> Exercise instructions
What you write must be the listing below in full, word for word, minus its pictures.

> Stored data
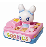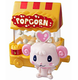 | ポップコーン屋さんに扮した「ハピハピっち」のおもちゃ。横のスイッチを押すと、ポップコーンがはじけます。 | クッキー屋さんに扮した「ラブリっち」のおもちゃ。スイッチを入れてダイヤルを回すと、「おまたせ!ラブリっちのクッキーよ!」としゃべります。 |
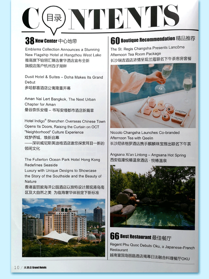 《大酒店》將為讀者展示全面的、權(quán)威的、細(xì)膩的酒店世界,鎖定高端酒店,更加注重酒店與消費(fèi)者的聯(lián)系。傳達(dá)酒店文化對(duì)現(xiàn)代人的影響,在奢華與享受的背后揭示酒店存在的真諦。
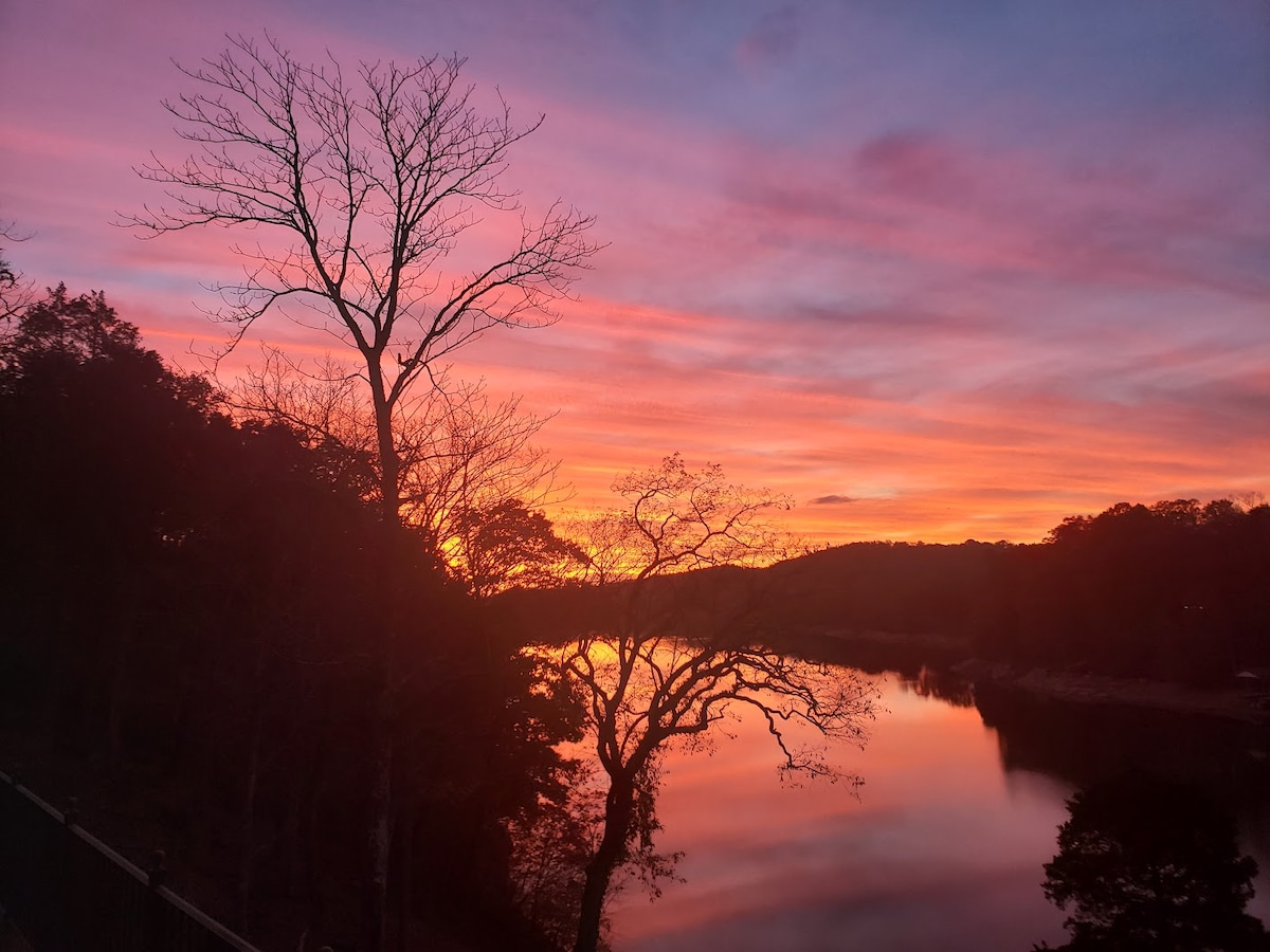 Descubre tu acogedor refugio de invierno en River Rock Retreat, organizado por WataugaLakeVacations. A solo 50 minutos de tres centros de esquí de Carolina del Norte, esta tranquila escapada ofrece hermosas vistas al lago Watauga, un muelle compartido para pescar y pasear en bote durante todo el año, e impresionantes amaneceres invernales desde la terraza. Disfruta de un fácil acceso al sendero de los Apalaches, visita las bodegas locales o explora las ciudades de montaña cercanas, luego caliéntate junto a la chimenea de leña o reúnete en el fogón a medida que avanza la temporada.

> Reply to the exercise
 | ポップコーン屋さんに扮した「ハピハピっち」のおもちゃ。横のスイッチを押すと、ポップコーンがはじけます。 | クッキー屋さんに扮した「ラブリっち」のおもちゃ。スイッチを入れてダイヤルを回すと、「おまたせ!ラブリっちのクッキーよ!」としゃべります。 |
 《大酒店》將為讀者展示全面的、權(quán)威的、細(xì)膩的酒店世界,鎖定高端酒店,更加注重酒店與消費(fèi)者的聯(lián)系。傳達(dá)酒店文化對(duì)現(xiàn)代人的影響,在奢華與享受的背后揭示酒店存在的真諦。
 Descubre tu acogedor refugio de invierno en River Rock Retreat, organizado por WataugaLakeVacations. A solo 50 minutos de tres centros de esquí de Carolina del Norte, esta tranquila escapada ofrece hermosas vistas al lago Watauga, un muelle compartido para pescar y pasear en bote durante todo el año, e impresionantes amaneceres invernales desde la terraza. Disfruta de un fácil acceso al sendero de los Apalaches, visita las bodegas locales o explora las ciudades de montaña cercanas, luego caliéntate junto a la chimenea de leña o reúnete en el fogón a medida que avanza la temporada.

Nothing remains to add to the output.